Now if you were asking what a name of a fish was, I could tell you np. But plants...meh! lol


----------



## Skorpy (May 1, 2011)

humdedum said:


> Nice setups!  I especially like the fry. I have a weakness for baby animals and fish, lol.


Fry are the cutest


----------



## toddnbecka (Jun 30, 2006)

Fry are great, until they grow up and crowd the tank, while more and more just keep coming along...
I had a trio of sailfin mollies that I finally returned to the lfs because I got tired of giving them away.
Cichlids are worse, instead of a few dozen fry they produce well over 100. 
And don't even talk about BN pleco's, I have them in every tank and they're running amok.
I used to see cute little fry, now I see live food for the bigger fish. :chair:


----------



## Skorpy (May 1, 2011)

toddnbecka said:


> Fry are great, until they grow up and crowd the tank, while more and more just keep coming along...
> I had a trio of sailfin mollies that I finally returned to the lfs because I got tired of giving them away.
> Cichlids are worse, instead of a few dozen fry they produce well over 100.
> And don't even talk about BN pleco's, I have them in every tank and they're running amok.
> I used to see cute little fry, now I see live food for the bigger fish. :chair:


lol. I see where you are coming from.

I had to take back my female swordtail, because she was on her second batch just 4 days after my molly will have her second batch, which are due from next monday. Otherwise I will be over run too. I am not sure if I can sell my fry, because of bags ad water for people to take them on in... or just give them away. I want to keep a couple for myself. But I am strictly keeping to all female. I just can't stand the thought of them being eaten...I am just a softy. Haha


----------



## lohachata (Jan 27, 2006)

yep.....i do see some non-aquatic plants in that tank....the varigated one on the left is a member of the dumbcane family..the one on the right is terrestrial as well as the sawtooth one in the front...


----------



## Skorpy (May 1, 2011)

lohachata said:


> yep.....i do see some non-aquatic plants in that tank....the varigated one on the left is a member of the dumbcane family..the one on the right is terrestrial as well as the sawtooth one in the front...
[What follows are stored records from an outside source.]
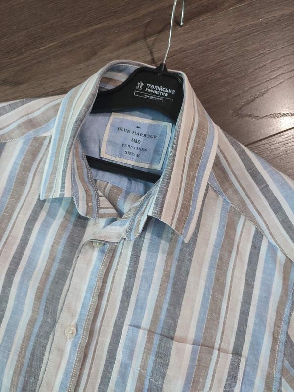 Рубашка Marks & Spencer. Размер указан М. немного большемерит, на (46-48), но лучше ориентироваться на замеры. Замеры: плечи 49 см, расстояние от подмышки до подмышки 59 см, длина рукава 23 см, длина рубашки 79 см. Состав ткани 100% лён. Состояние идеальное.
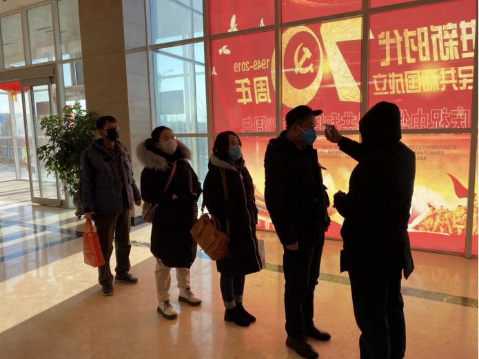 物產(chǎn)化工黨支部黨員堅(jiān)守防控工作一線,做好體溫測量和消毒工作。?
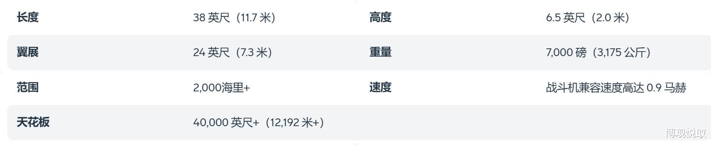MQ-28的设计融合了“功能灵活”与“生存优先”两大理念。其机身长11.7米(约38英尺),翼展7.3米(约24英尺),最大航程超3700公里(2000海里+),飞行速度达0.9马赫,升限超12000米(40000英尺+),具备与战斗机相当的飞行性能。值得关注的是其隐身气动布局:无水平尾翼设计搭配机尾“V”型尾翼,显著降低雷达反射面积;机身前部配备2.6米长的模块化鼻锥(内部容积0.15立方米),可快速更换侦察、预警或电子战设备,实现“一机多能”。
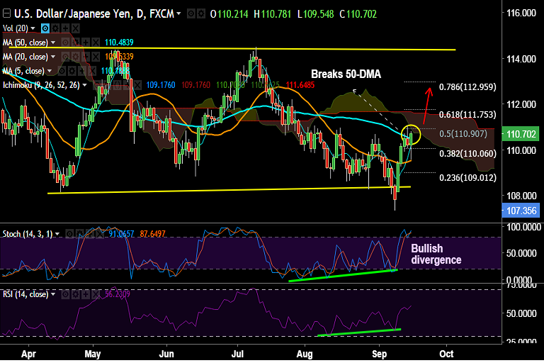 - USD/JPY has retraced dip below 110 handle, breaks above 50-DMA at 110.48.
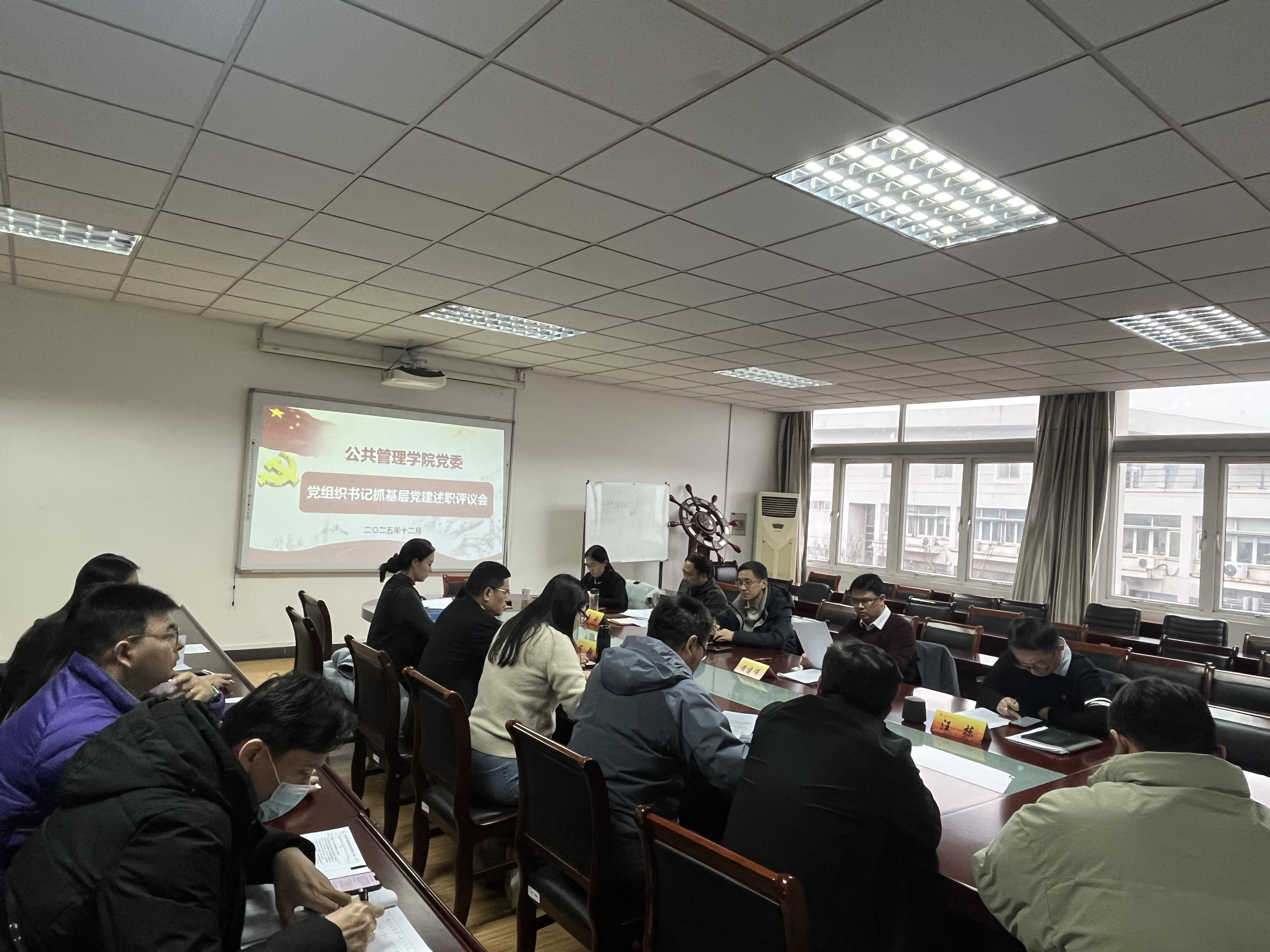 在德济楼508会议室召开2025年度党支部书记抓基层党建述职评议会。党委保卫部部长刘伟华到会指导,学院全体党委委员、各党支部书记出席会议,支委会成员列席会议。会议由学院党委书记陈翔主持。
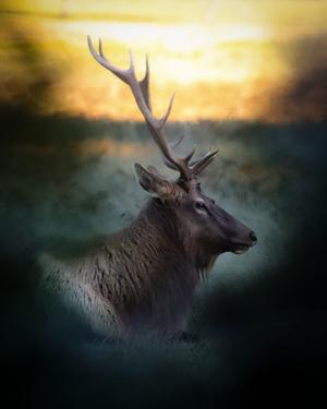 Majestic elk beds down for the evening as the sun begins to set over Redwoods National Park, California.
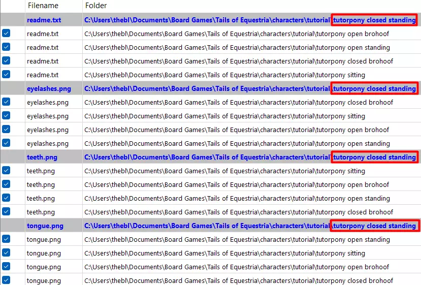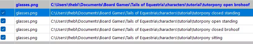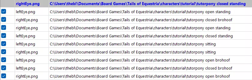 当然,如果你还记得的话,我们在清理重复文件时,有些网格文件关联到了完全相同的纹理文件,这些我们已经过滤掉了。这种情况下,最好同时处理它们。在我们的案例中,这些文件就是左眼和右眼,以及左翼和右翼。
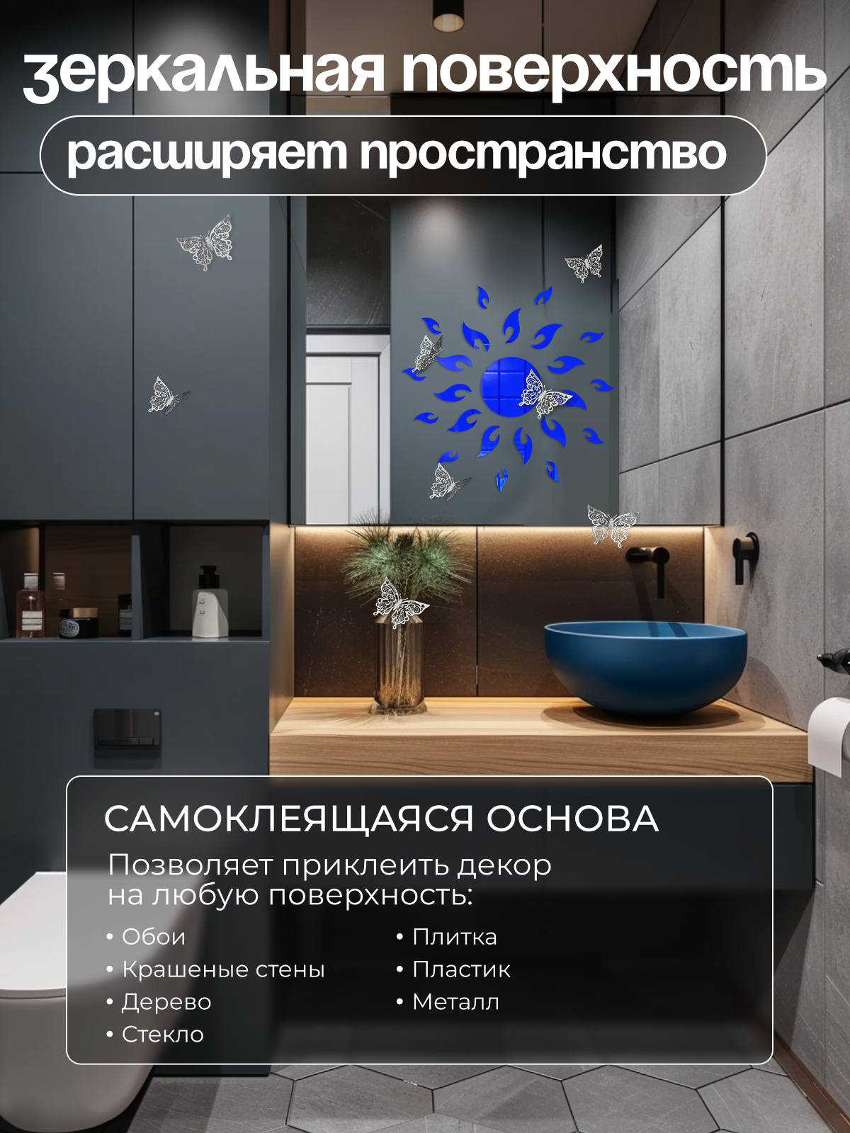 Купить Наклейки интерьерные зеркальные INFINITY интерьер, декор на стену солнце синее+бабочка серебро 12шт.

The plants have lasted me a long time. They grow alot too and seem to do really well. But I just like a change and get bored with the same look easy


----------



## Skorpy (May 1, 2011)

My fry are loving their new playground 

http://i102.photobucket.com/albums/m115/sk0rpy/007-11.jpg


----------



## chronoboy (Jan 17, 2011)

i wish i had a problem with too many blue ram fry, but no! i bought six of them thinking i would get a pair but so far no pairing off, starting to think cause all the babies are getting too big that the tank is starting to get a bit crowded so i think ill be taking out the angels soon thier not little dime sized fish anymore about the size of a 50 cent piece now, so hopfully just having rams in there ill get two to pair off, anyways good looking tanks and congrats on the fry.


----------